Robots.txt Issues in Google Search Console
Hello SEOs,
I found multiple robots txt URLs in my Google search console that I didn't even create. I don't know from where GSC is fetching these URLs?
1https //example(dot)com/robots(dot)txt 2https //subdomain(dot)example(dot)com/robots(dot)txt 3http //www.example(dot)com/robots(dot)txt 4https //www.example(dot)com/robots(dot)txt 5http //example(dot)com/robots(dot)txt
The main version of my website is the first one (https //example(dot)com/robots(dot)txt). I don't know how to remove other robots txt URLs. Need help on this.
Moreover, in Google search console >> settings >> Crawl stats >> Hosts
I can see three different URLs of my site 1example(dot)com 2subdomain-example(dot)com 3www(dot)example(dot)com
The website is on WordPress. I worked on a lot of websites and never faced such issues. Can anybody tell me if these are the technical issues? The website has more than 900 pages and only 10 are indexed. Google is not crawling my site's pages. Content on the website is related to healthcare and its 100% AI-generated.

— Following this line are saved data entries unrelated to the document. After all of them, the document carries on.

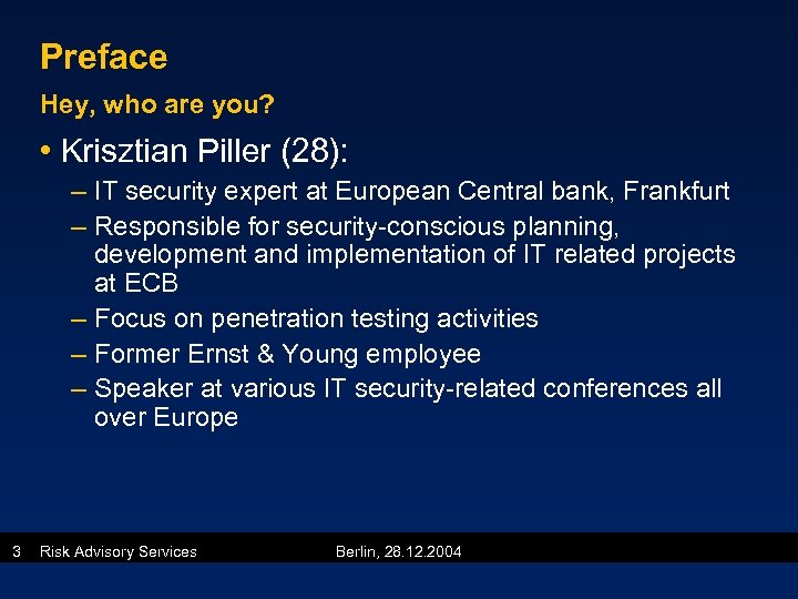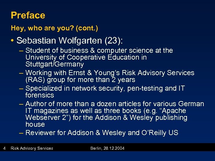 Preface Hey, who are you? (cont. ) • Sebastian Wolfgarten (23): – Student of business & computer science at the University of Cooperative Education in Stuttgart/Germany – Working with Ernst & Young’s Risk Advisory Services (RAS) group for more than 2 years – Specialized in network security, pen-testing and IT forensics – Author of more than a dozen articles for various German IT magazines as well as three books (e. g. “Apache Webserver 2”) for the Addison & Wesley publishing house – Reviewer for Addison & Wesley and O’Reilly US 4 Risk Advisory Services Berlin, 28. 12. 2004
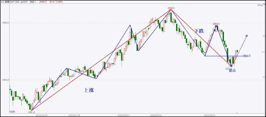 随着价格的持续演化,焦煤的走势结构也在持续更新。在最近半年多的走势中,完成了一个五波上涨和当下一个三波下跌,从目前走势看,三波下跌可作为上涨的次级折返回撤,后市就需要观察2223止跌形成的拐点,能否开启新的上涨趋势波段。
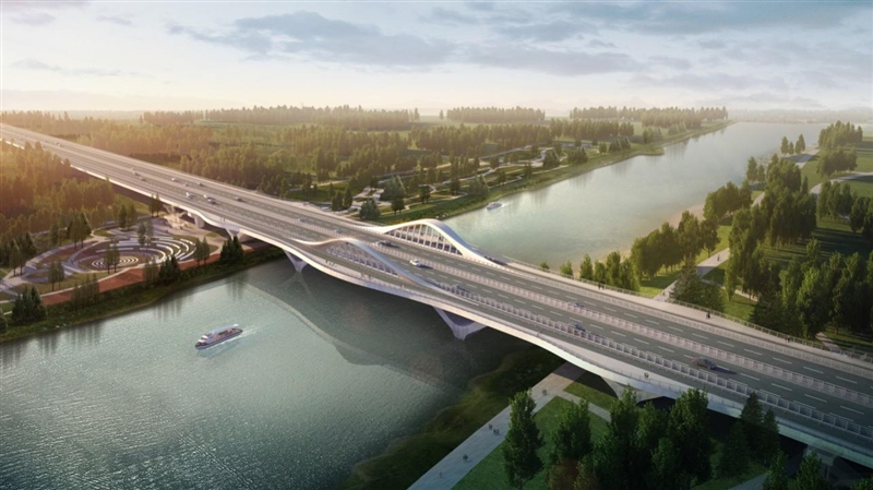 主橋設(shè)計(jì)采用梁-拱型組合體系,立意“荷香”,將荷葉形態(tài)融入到橋梁造型當(dāng)中,荷葉浮于運(yùn)河之上,整個(gè)造型宛如運(yùn)河上盛開的荷花,生態(tài)自然,與環(huán)境融為一體,給人以生機(jī)盎然、自然和諧的美感。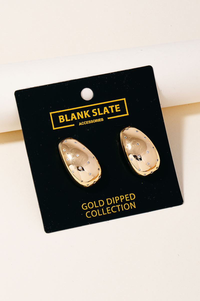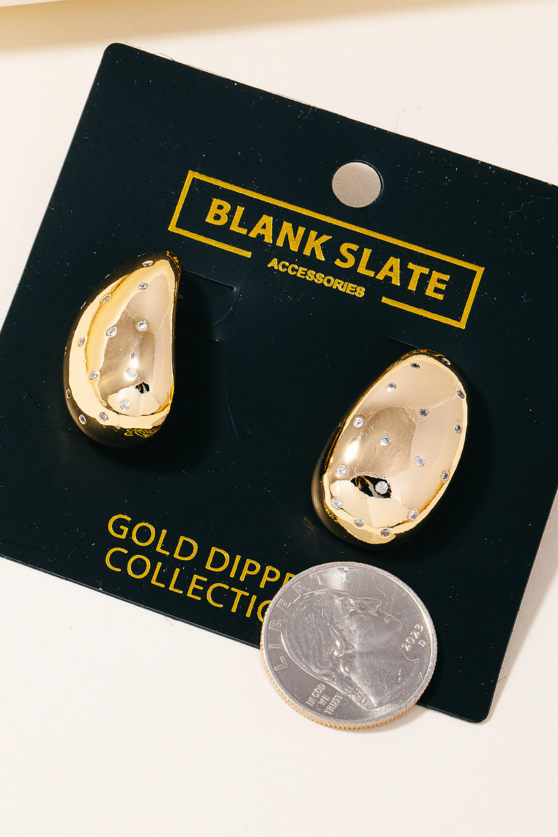 • This pair of drop earrings features a fashionable gold dipped studded teardrop earrings style. Experience a subtle blend of modernity and classic charm as this pair of drop earrings effortlessly adorns your ensemble.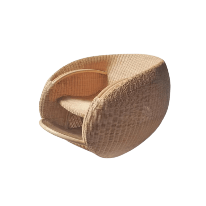 A sculptural rattan lounge chair with an organic, cocoon-like form that cradles the body. Handwoven
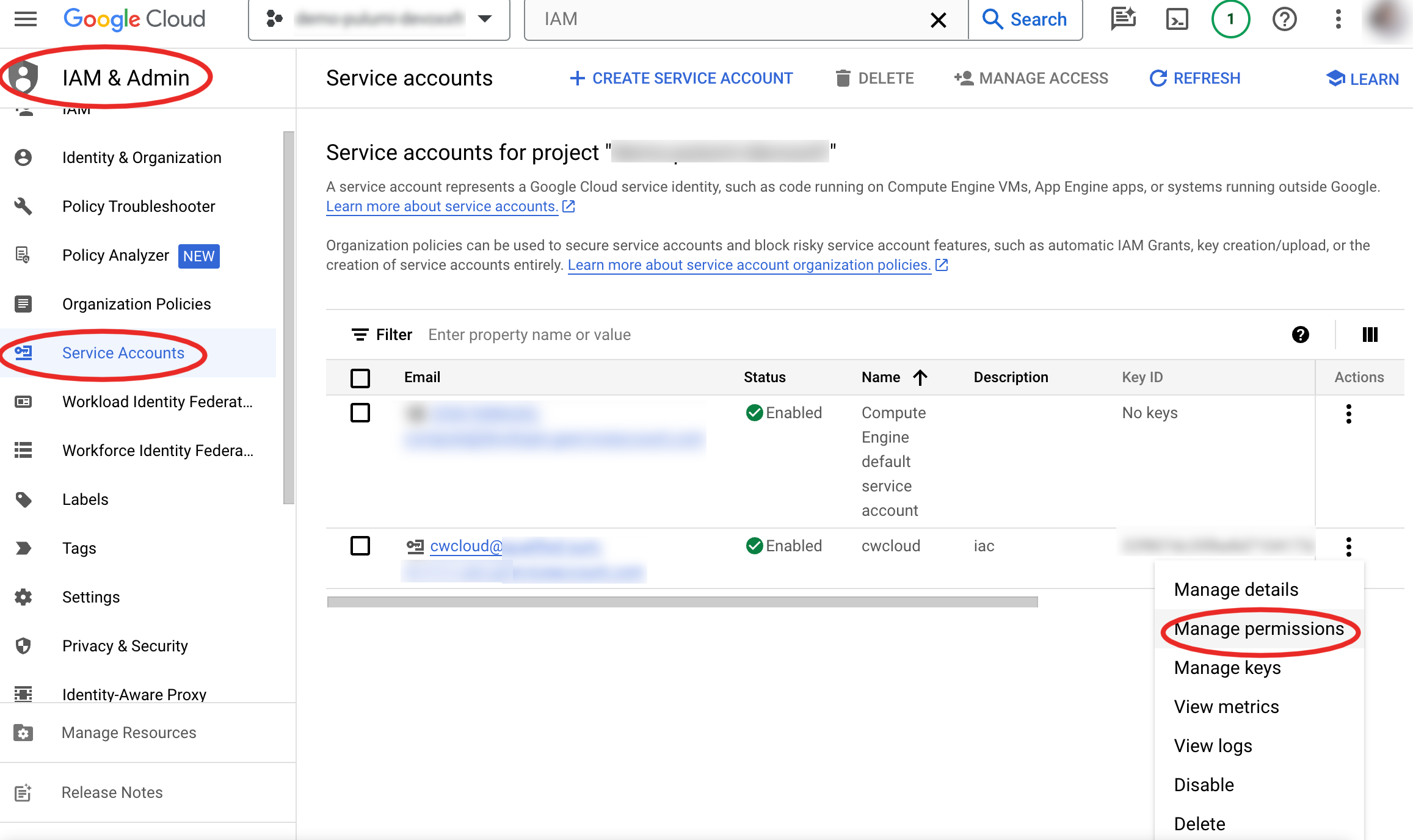 Go to IAM > Service Account > Manage key

What should I do in order to make Google crawl my website and index its pages.
Hi @ahxnamc,
It sounds like you're dealing with a few common issues related to robots.txt and site configuration. Here are some key steps to fix the problem:
-
Check for Duplicate Robots.txt Files: Ensure that only one
robots.txt
file is accessible at the correct URL (e.g.,https://example.com/robots.txt
). The multiple entries might be due to your site having different versions (www, non-www, subdomain). Use 301 redirects to point all variations to the preferred version. -
Canonicalization: Set a canonical URL for your main site version (e.g.,
https://example.com
) in your site's WordPress settings and in the header of each page using a ``. -
Check Crawl Stats: In Google Search Console, check your Crawl Stats and URL Parameters settings. Ensure Googlebot can access your site’s pages without restrictions.
-
Content Quality: Since your content is AI-generated, ensure it’s original, valuable, and well-optimized. Google may struggle with low-quality or duplicate content, which could affect crawling and indexing.
-
Submit a Sitemap: Submit your XML sitemap to Google Search Console to help Google crawl and index your pages.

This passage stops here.